The problem: For this listing, reproduce the line with "Das festliche Design", the line with "お色直しでお選びになったのは", and the lines between, exactly as they stand. Leave out pictures and all other lines.

Data shown:
========================================
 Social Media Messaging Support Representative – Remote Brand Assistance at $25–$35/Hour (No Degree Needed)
========================================
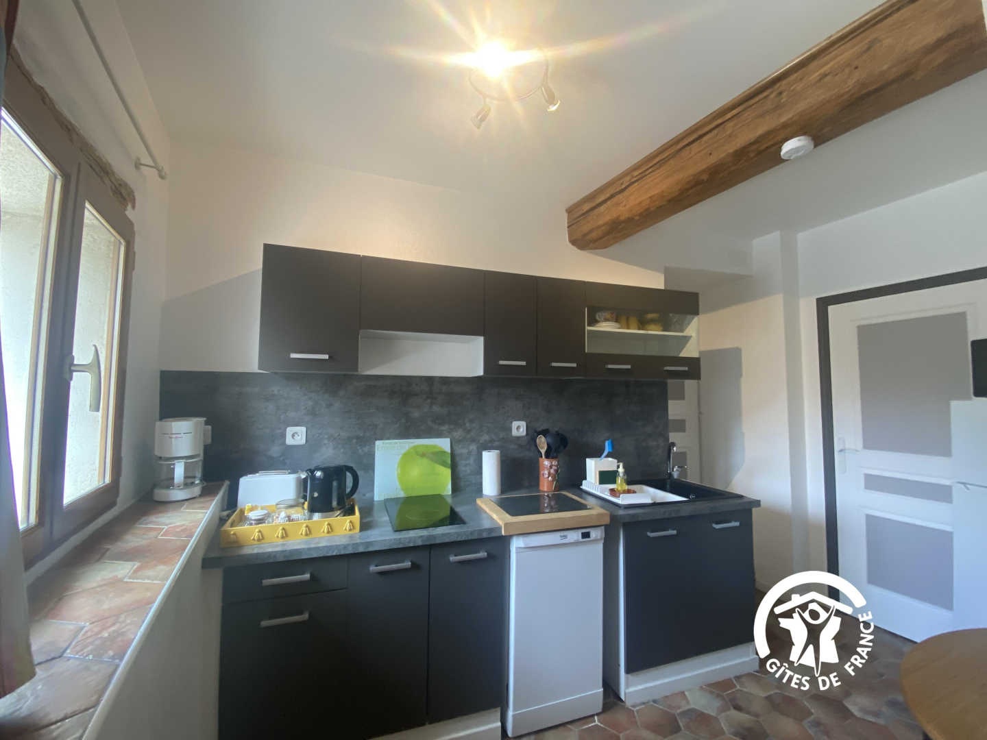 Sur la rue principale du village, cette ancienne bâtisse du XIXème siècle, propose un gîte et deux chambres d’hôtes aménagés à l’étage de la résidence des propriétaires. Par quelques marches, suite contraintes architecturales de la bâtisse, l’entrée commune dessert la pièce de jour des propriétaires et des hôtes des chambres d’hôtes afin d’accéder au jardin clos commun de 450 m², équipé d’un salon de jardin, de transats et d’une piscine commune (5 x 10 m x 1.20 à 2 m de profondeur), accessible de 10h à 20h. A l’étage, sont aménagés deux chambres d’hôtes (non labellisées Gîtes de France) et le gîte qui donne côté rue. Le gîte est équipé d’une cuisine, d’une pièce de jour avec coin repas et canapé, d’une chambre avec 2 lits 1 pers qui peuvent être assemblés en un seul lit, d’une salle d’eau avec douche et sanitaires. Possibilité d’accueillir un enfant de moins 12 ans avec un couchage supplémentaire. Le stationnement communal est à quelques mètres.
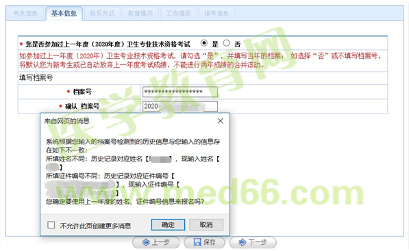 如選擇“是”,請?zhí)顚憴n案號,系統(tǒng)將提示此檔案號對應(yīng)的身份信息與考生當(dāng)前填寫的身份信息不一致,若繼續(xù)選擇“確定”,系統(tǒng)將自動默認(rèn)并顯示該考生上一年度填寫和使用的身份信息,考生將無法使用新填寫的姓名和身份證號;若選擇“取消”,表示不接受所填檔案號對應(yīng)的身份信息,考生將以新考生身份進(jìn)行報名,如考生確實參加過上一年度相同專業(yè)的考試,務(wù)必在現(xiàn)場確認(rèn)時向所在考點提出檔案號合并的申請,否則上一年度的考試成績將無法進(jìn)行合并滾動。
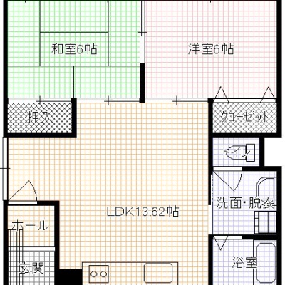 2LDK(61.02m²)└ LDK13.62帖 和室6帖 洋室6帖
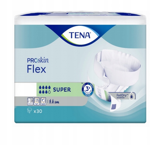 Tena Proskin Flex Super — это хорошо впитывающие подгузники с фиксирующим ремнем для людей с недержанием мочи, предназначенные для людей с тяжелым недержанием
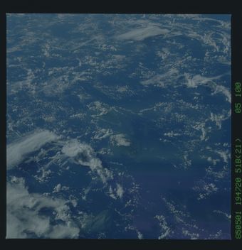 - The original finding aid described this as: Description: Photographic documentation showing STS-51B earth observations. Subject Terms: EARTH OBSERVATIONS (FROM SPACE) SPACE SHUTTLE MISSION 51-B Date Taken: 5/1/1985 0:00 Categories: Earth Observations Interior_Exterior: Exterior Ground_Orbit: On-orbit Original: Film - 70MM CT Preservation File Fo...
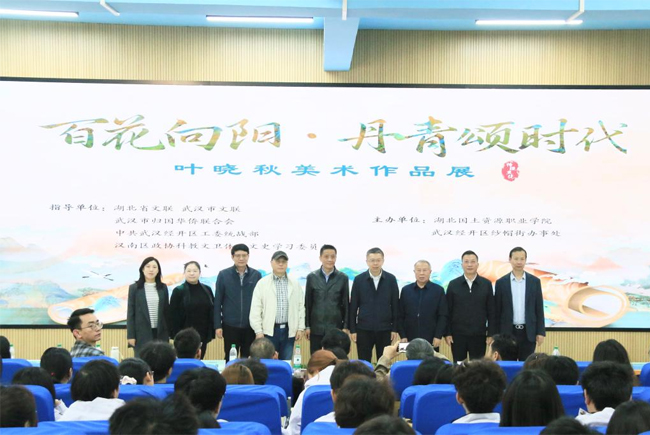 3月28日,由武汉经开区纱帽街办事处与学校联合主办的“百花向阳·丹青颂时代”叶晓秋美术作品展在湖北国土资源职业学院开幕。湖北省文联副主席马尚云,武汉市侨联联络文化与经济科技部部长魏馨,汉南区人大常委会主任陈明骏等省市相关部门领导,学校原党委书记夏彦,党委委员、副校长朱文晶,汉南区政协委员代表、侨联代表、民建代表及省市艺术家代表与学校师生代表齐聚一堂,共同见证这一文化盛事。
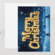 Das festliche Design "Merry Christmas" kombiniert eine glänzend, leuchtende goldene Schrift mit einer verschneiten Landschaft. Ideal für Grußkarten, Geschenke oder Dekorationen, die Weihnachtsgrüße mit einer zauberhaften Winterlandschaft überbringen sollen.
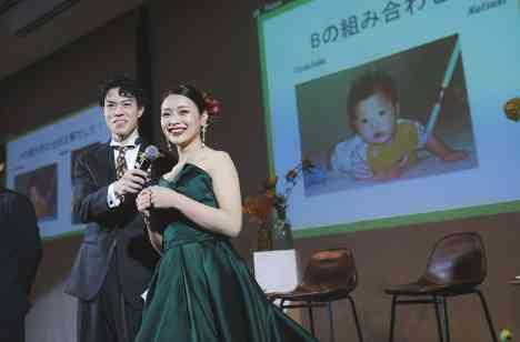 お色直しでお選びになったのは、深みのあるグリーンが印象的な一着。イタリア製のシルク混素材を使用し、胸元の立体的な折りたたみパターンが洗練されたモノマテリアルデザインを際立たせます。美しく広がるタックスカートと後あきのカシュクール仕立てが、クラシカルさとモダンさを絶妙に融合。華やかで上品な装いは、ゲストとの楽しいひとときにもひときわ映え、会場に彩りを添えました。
========================================
Solution to this task:
 Das festliche Design "Merry Christmas" kombiniert eine glänzend, leuchtende goldene Schrift mit einer verschneiten Landschaft. Ideal für Grußkarten, Geschenke oder Dekorationen, die Weihnachtsgrüße mit einer zauberhaften Winterlandschaft überbringen sollen.
 お色直しでお選びになったのは、深みのあるグリーンが印象的な一着。イタリア製のシルク混素材を使用し、胸元の立体的な折りたたみパターンが洗練されたモノマテリアルデザインを際立たせます。美しく広がるタックスカートと後あきのカシュクール仕立てが、クラシカルさとモダンさを絶妙に融合。華やかで上品な装いは、ゲストとの楽しいひとときにもひときわ映え、会場に彩りを添えました。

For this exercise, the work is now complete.